[ASSIGNMENT] Please return the listing exactly as written, but without its pictures.

[COLLECTED DATA]
-.-.-

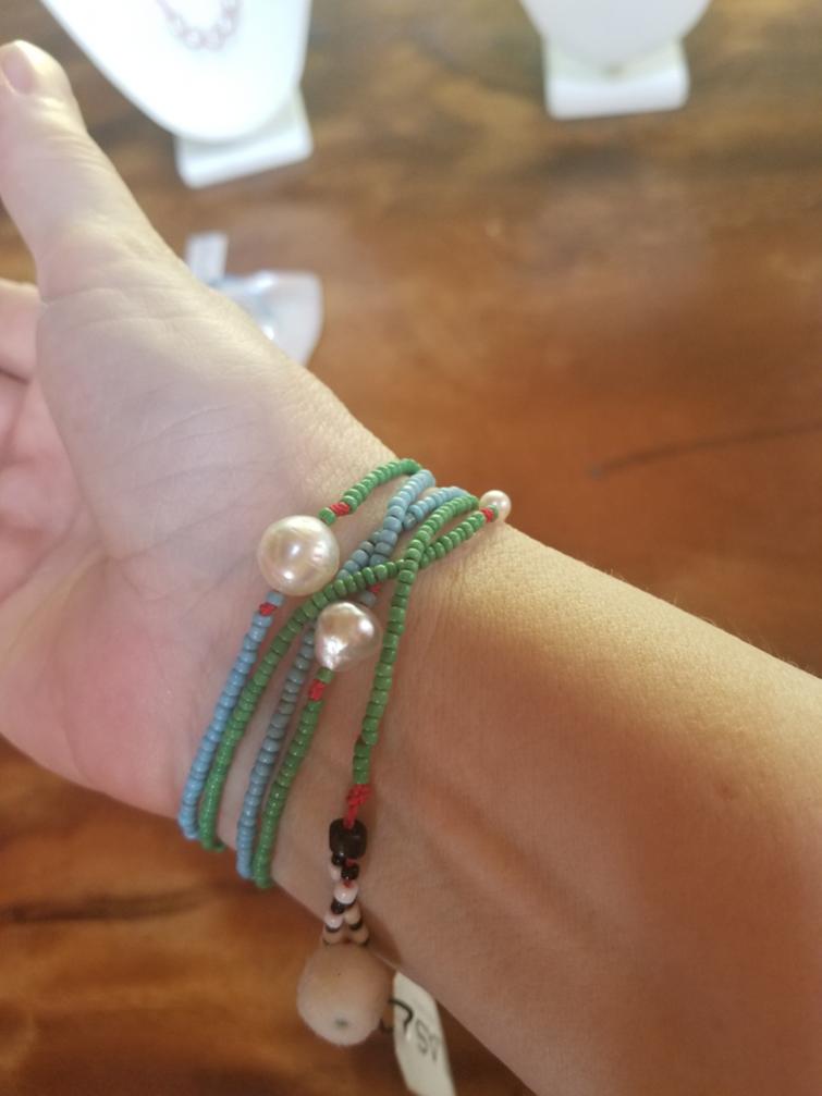 Trying on a necklace/bracelet. I liked this design.
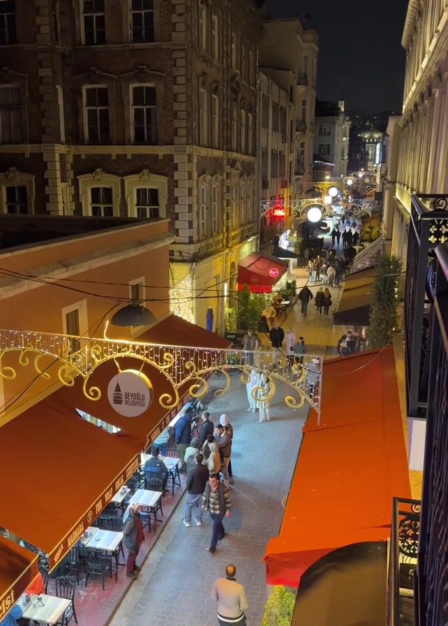 Here's a detailed description of the video: The video shows a narrow, busy street in what appears to be a European city at night. The view is taken from an elevated position, possibly a balcony or upper-story window, looking down the street. Several restaurants with outdoor seating areas line both sides of the street, each covered by awnings, primarily red in color. Tables and chairs are visible, some occupied by people. Numerous people are walking along the street, both individually and in groups. They are dressed in casual clothing, suitable for nighttime. The street is adorned with decorative lighting, including strings of lights in ornate patterns hung above the street. These lights add to the festive atmosphere. Buildings on either side of the street are multi-storied, constructed of stone or brick, with visible architectural details. The buildings are lit, casting a warm glow on the scene. There is moderate foot traffic on the street, with people walking in both directions, going about their evening. Overall, the scene is lively and inviting.
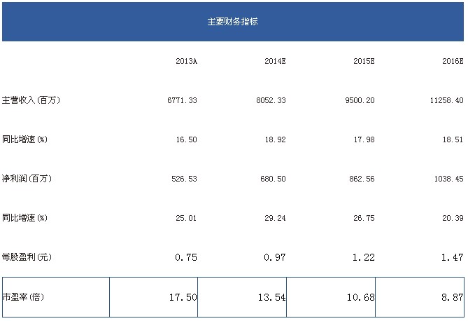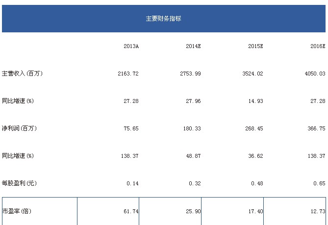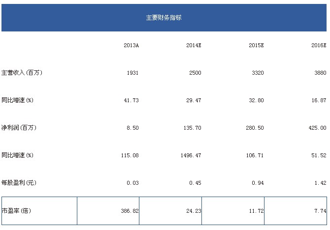 2.海缆市场龙头有望迎来高增长。海缆目前是蓝海市场,海上风能、海上石油等项目对海缆的需求不断上升。公司在海蓝市场为国内龙头,市占率高达60%。公司作为国内军工海光缆的唯一提供方,有望充分享受军工光缆这一蓝海市场。我们预计2014年下半年有望推出海上风电补贴政策,我国海上风电将迎来发展元年,公司的海缆产品独家中标龙源海上风电项目,海上电缆全国市占率约40%-50%市占率,充分受益于未来我国海上风电场的快速发展。

-.-.-

[EXERCISE OUTPUT]
 Trying on a necklace/bracelet. I liked this design.
 Here's a detailed description of the video: The video shows a narrow, busy street in what appears to be a European city at night. The view is taken from an elevated position, possibly a balcony or upper-story window, looking down the street. Several restaurants with outdoor seating areas line both sides of the street, each covered by awnings, primarily red in color. Tables and chairs are visible, some occupied by people. Numerous people are walking along the street, both individually and in groups. They are dressed in casual clothing, suitable for nighttime. The street is adorned with decorative lighting, including strings of lights in ornate patterns hung above the street. These lights add to the festive atmosphere. Buildings on either side of the street are multi-storied, constructed of stone or brick, with visible architectural details. The buildings are lit, casting a warm glow on the scene. There is moderate foot traffic on the street, with people walking in both directions, going about their evening. Overall, the scene is lively and inviting.
 2.海缆市场龙头有望迎来高增长。海缆目前是蓝海市场,海上风能、海上石油等项目对海缆的需求不断上升。公司在海蓝市场为国内龙头,市占率高达60%。公司作为国内军工海光缆的唯一提供方,有望充分享受军工光缆这一蓝海市场。我们预计2014年下半年有望推出海上风电补贴政策,我国海上风电将迎来发展元年,公司的海缆产品独家中标龙源海上风电项目,海上电缆全国市占率约40%-50%市占率,充分受益于未来我国海上风电场的快速发展。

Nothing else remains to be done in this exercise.